I cannot conceive of a God who rewards and punishes his creatures, or has a will of the kind that we experience in ourselves. Neither can I nor would I want to conceive of an individual that survives his physical death; let feeble souls, from fear or absurd egoism, cherish such thoughts. I am satisfied with the mystery of the eternity of life and with the awareness and a glimpse of the marvelous structure of the existing world, together with the devoted striving to comprehend a portion, be it ever so tiny, of the Reason that manifests itself in nature.

– Albert Einstein, from “The World as I See It”

Came across the above in a book I am reading (“Ganesha on the Dashboard” by V. Raghunathan & M.A. Eswaran). The book attributes this quote to Bertrand Russell, but the Internet attributes this to Albert Einsten. I’ll go with the Internet.

Reading this quote blew my mind. That’s exactly the argument I too have about God! Each time my wife or parents insist I visit a temple or pray that’s exactly what I go through in my mind. The God I can conceive of does not punish me for my “mistakes” nor is capable of rewarding me for “good deeds” or “prayers”. A “God” who does all these is simply not a God for me. Such an entity might be a demigod or some other force, but definitely not God.
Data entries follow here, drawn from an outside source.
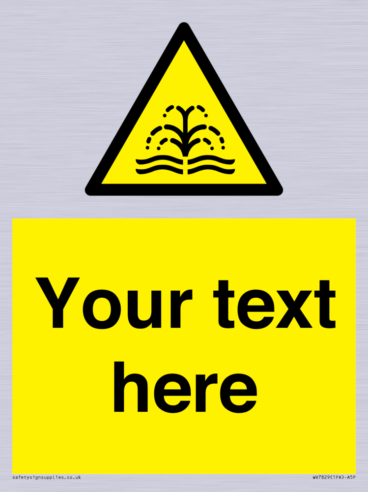 Suitable for hanging installation. Suitable for mounting on a flat surface. Suitable for mounting on a door. Custom signs contain the text required by the customer. With your your text and a standard safety sign symbol - a bespoke sign can fit any requirement.
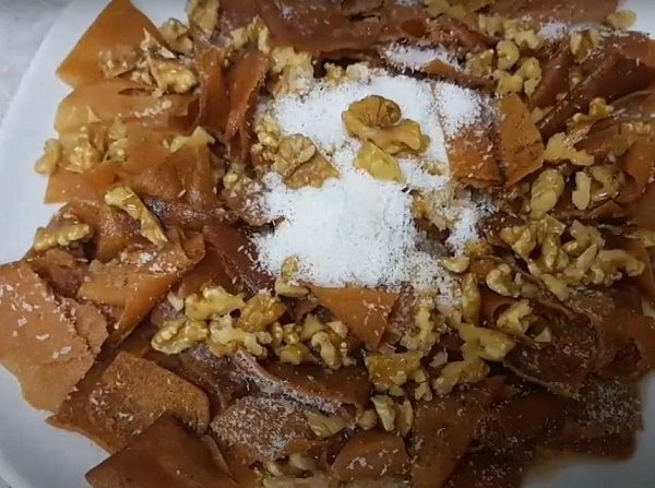 - نسكب الحلى في طبق ثم نرش عليهم جوز الهند والمكسرات حسب المتوفر ونقدمه ساخن وصحة وهنا .
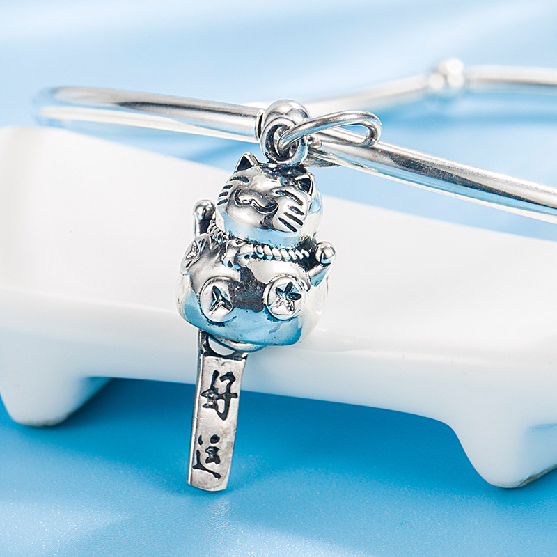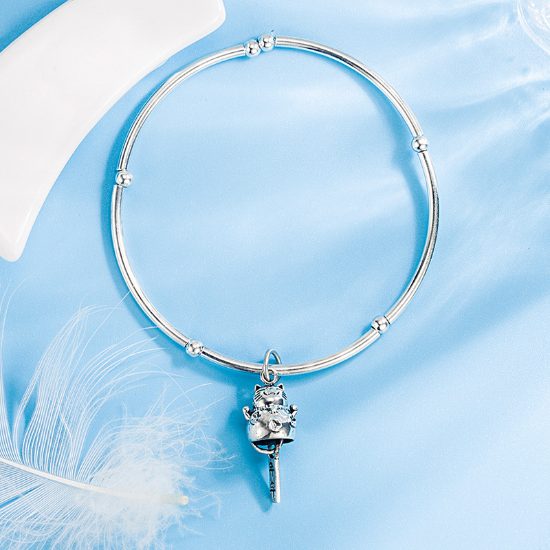 S925纯银可爱猫手链女 闺蜜年年好运复古泰银时尚手镯243DZ
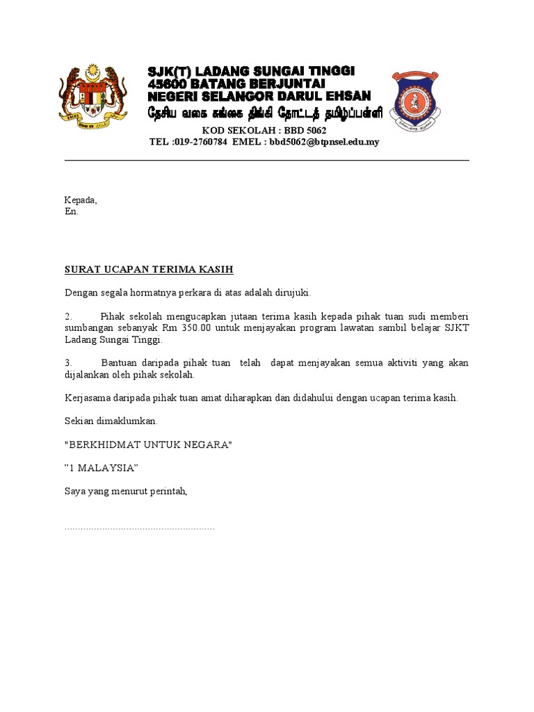 Contoh Surat Ucapan Terima Kasih Atas Sumbangan Kewangan Bagikan Contoh

God (or Tao or the force or whatever) made us and everything around us. If we behave a certain way the onus of those decisions are on us. God gave us a brain and thought processes. Right and Wrong are relative and while there are many things that are Wrong for everyone, it is up to each one of us to discover and feel this for ourselves. Simply classifying something as Wrong and/ or not doing Wrong deeds even though we may not agree, but going along with it just coz God said so, is not the right way to do it in my opinion.

All that aside, the last line of the quote is another thing that resonates so well with me. The world is something. WE are something. There’s a beauty in it all, a mystery. The journey is the thing, not the destination. Putting up a God and chasing after what He/ She says isn’t the end goal for me; the end goal is the discovery. Of discovering the world around me and also the world within me. The “growing” I do – of my values, frames of reference, what I find to be right and wrong – that is the important thing.

Of course Einstein conveys all this much better than I do an in fewer words! Amazing!